WORK TASK:
Every line from the start of the data through the line containing "its good work." should be retyped exactly; the pictures should not.

(Dataset items)
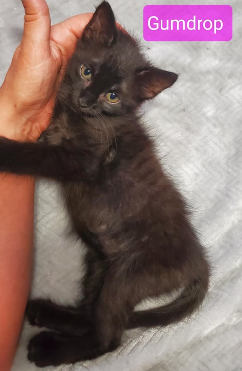 Gumdrop is a playful girl who will bring fun and energy to her new home. She gets along with people and other kitties. We have not tried her with dogs but with proper introduction, she should be just fine. Gumdrop has been spayed, vaccinated and microchipped. She is ready to go home this week!
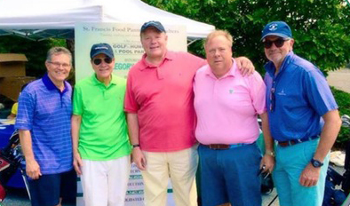 "This breaks our record for fundraising at the golf outing," said Phillips. Joe Sano, managing director, and Father Francis enjoyed the festivities as they represented St. Francis Food Pantries, which will use the funds to fight hunger and to do its good work.
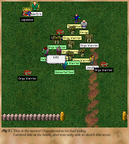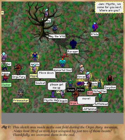Earlier today, a horde of Orga Furys made their way towards Puddleby. Our only warning of their approach was the combined sound of their heavy footsteps, which, from a distance, were mistaken for the sound of drums. Several people went east to investigate the sound, only to return screaming that Orgas were coming. With a band comprised 40-strong of mostly fighters, we were able to only just turn back the Orga threat in the east field. Being a relatively weak fighter, I can take little credit for the victory that we earned. Many of us were killed, more than once, by the horde. The battle continued for at least an hour before the sound of "drums" stopped and we were informed that the imminent Orga attack had just be averted. Enclosed is a sketch of this battle (Fig. 1). From the direction of their approach, we can only assume they came from the Orga encampment.
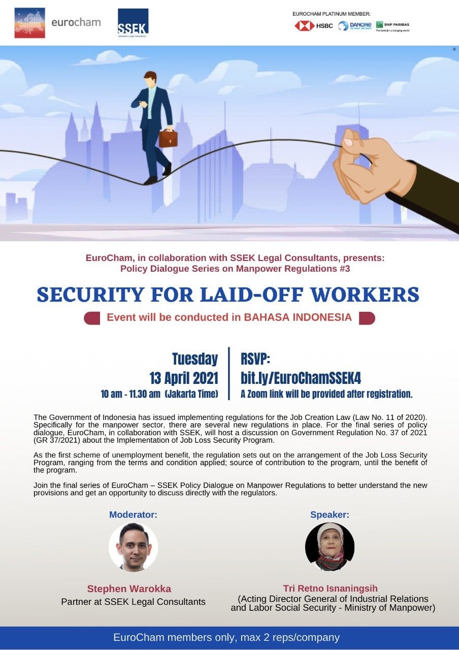 • The Government of #Indonesia has issued implementing regulations for the Job Creation Law (Law No. 11 of 2020). Specifically, for the manpower sector, there are several new regulations in place. For the final series of policy dialogue, EuroCham Indonesia, in collaboration with SSEK, will host a discussion on Government Regulation No. 37 of 2021 (GR 37/2021) about the Implementation of Job Loss Security Program.
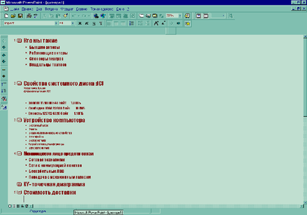 Этот режим допускает просмотр всей последовательности миниатюрных копий слайдов, расположенных равномерными рядами в окне презентации. Пользователь может проследить влияние на вид презентации в целом любого из ее общих параметров, например, шаблона, определяющего дизайн фона слайдов и их цветовую схему. Возможность изменения содержания конкретного слайда отсутствует, зато доступны средства их дублирования, удаления и изменения порядка демонстрации.
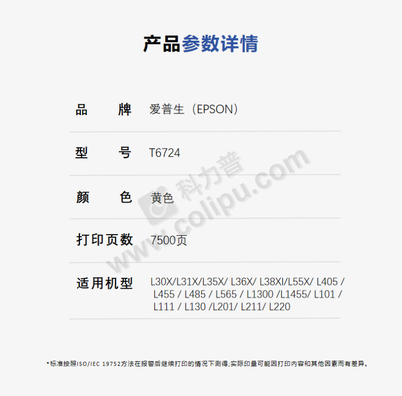 爱普生 EPSON 墨水 T6724 65ml 7500页 (黄色)
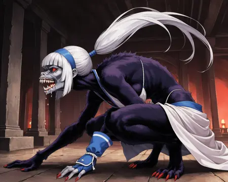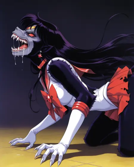 サンプルと変身シーンは非常に少なく、解像度も低く、21枚の画像のうち生物が13枚しか含まれていない。解像度の低さからノイズが発生しやすく、複数の人物や追加の四肢・指が現れる可能性がある。生物は黒色であるためコントラストが低く、生成はされるが明確な輪郭が得にくい。
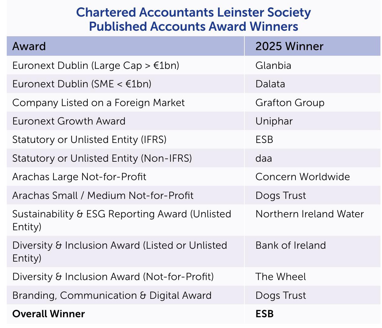 Chartered Accountants Ireland and the Leinster Society congratulate all this year’s winners.
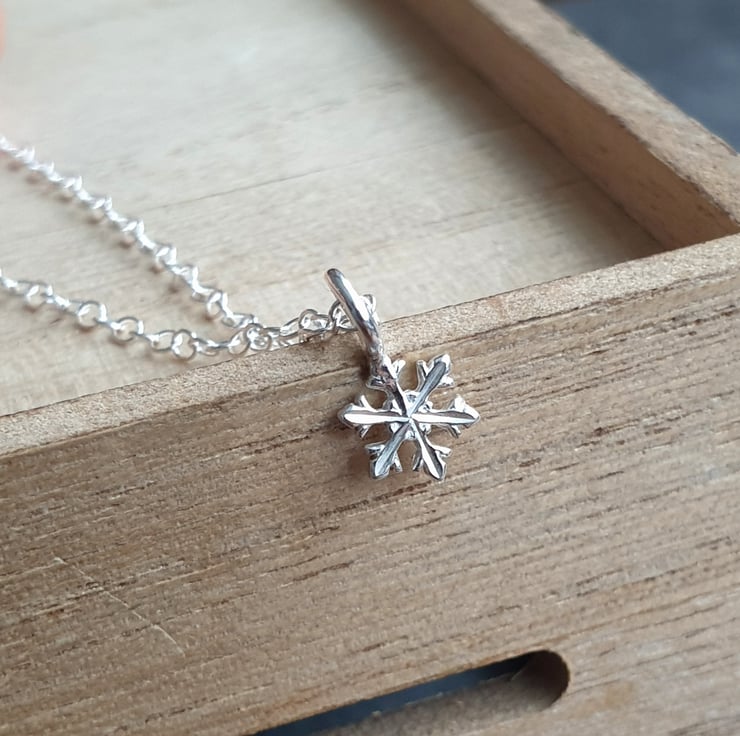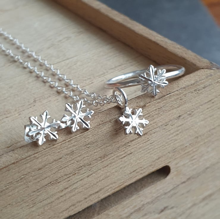 A matching snowflake pendant and stacking ring are also available as shown in the last photos. Find them in the necklace and ring sections of my shop.
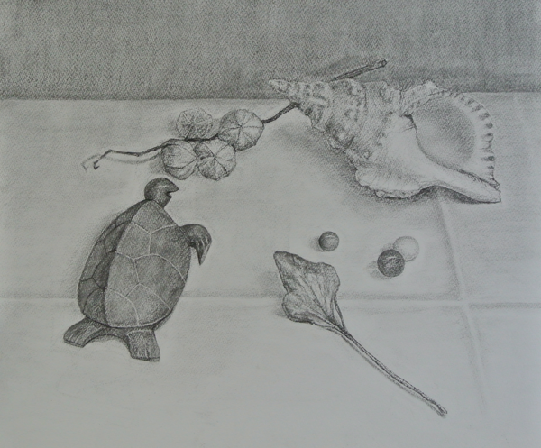 「カメの置物のある静物」 木炭 by HIWATASHI 2016年 1月
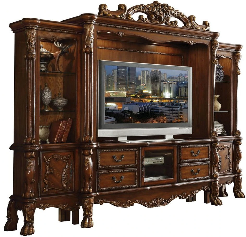 Dazzling details abound in the Picardy entertainment center! Intricate raised scrolled molding and Queen Anne legs adorn each piece of this stunning set, including two side piers with beveled glass doors and touch light function, and a TV stand that accommodates up to a 75-inch flat panel TV.Read More
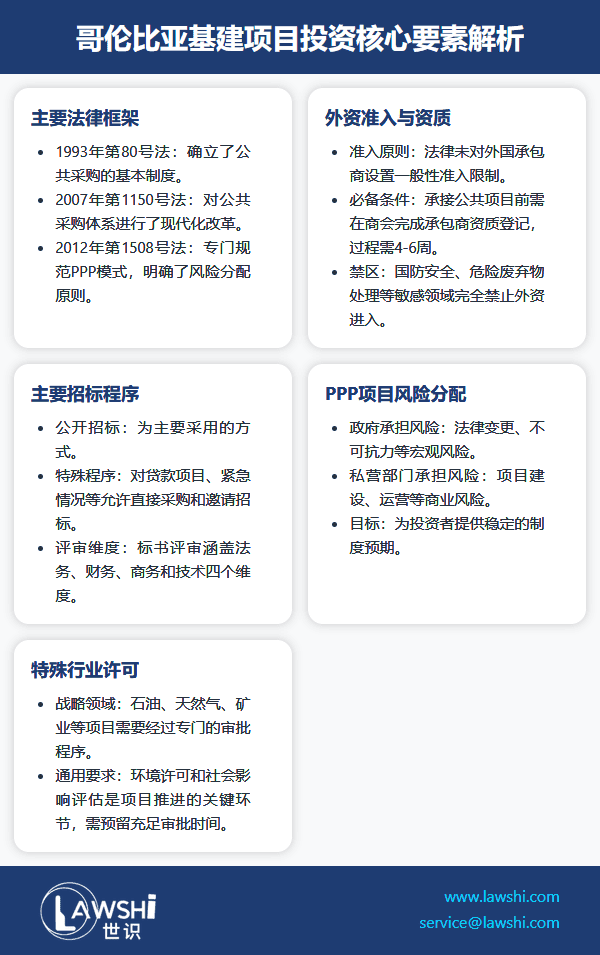 哥伦比亚基础设施领域采用政府与社会资本合作(PPP)为主导的发展模式,通过1993年第80号法、2007年第1150号法和2012年第1508号法构建了完整的法律框架。对于计划进入哥伦比亚基建市场的中国企业而言,深入理解其独特的招标程序和监管要求至关重要。
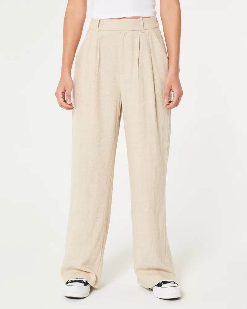 Hollister Livvy Ultra High-Rise Linen-Blend Wide-Leg Pants
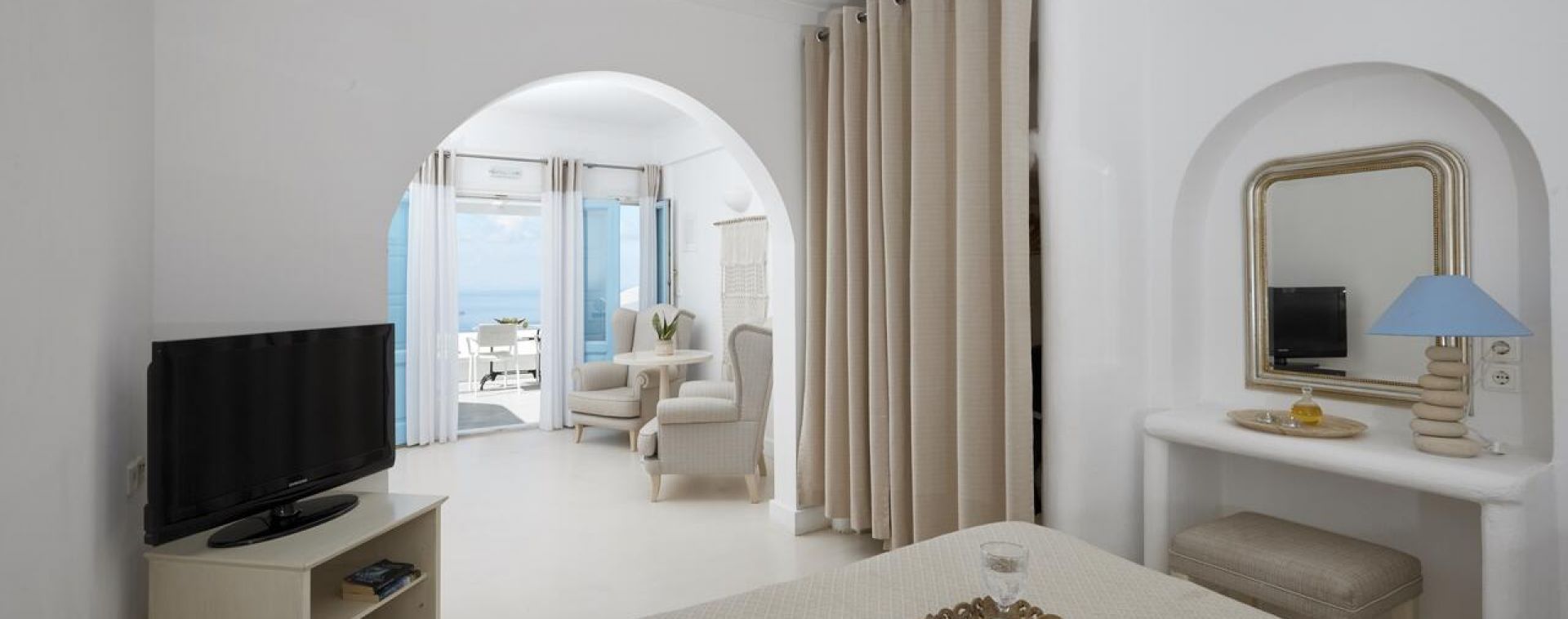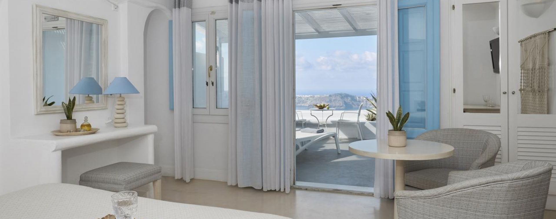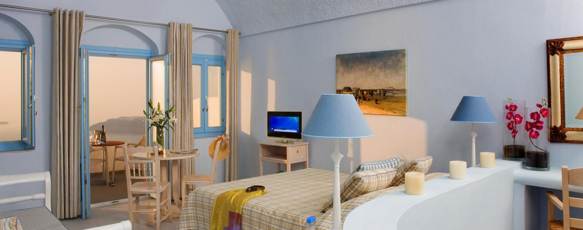 Хотелът се намира в Имеровигли и предоставя уникална гледка към калдерата на Санторини. Столицата на острова Фира е само на 4 км, летището на Санторини - на 8 км, a централното пристанище Атиниос - на 12 км.
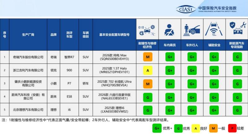 中国保险汽车安全指数2025年测评车型第三次结果发布

OUTPUT:
 Gumdrop is a playful girl who will bring fun and energy to her new home. She gets along with people and other kitties. We have not tried her with dogs but with proper introduction, she should be just fine. Gumdrop has been spayed, vaccinated and microchipped. She is ready to go home this week!
 "This breaks our record for fundraising at the golf outing," said Phillips. Joe Sano, managing director, and Father Francis enjoyed the festivities as they represented St. Francis Food Pantries, which will use the funds to fight hunger and to do its good work.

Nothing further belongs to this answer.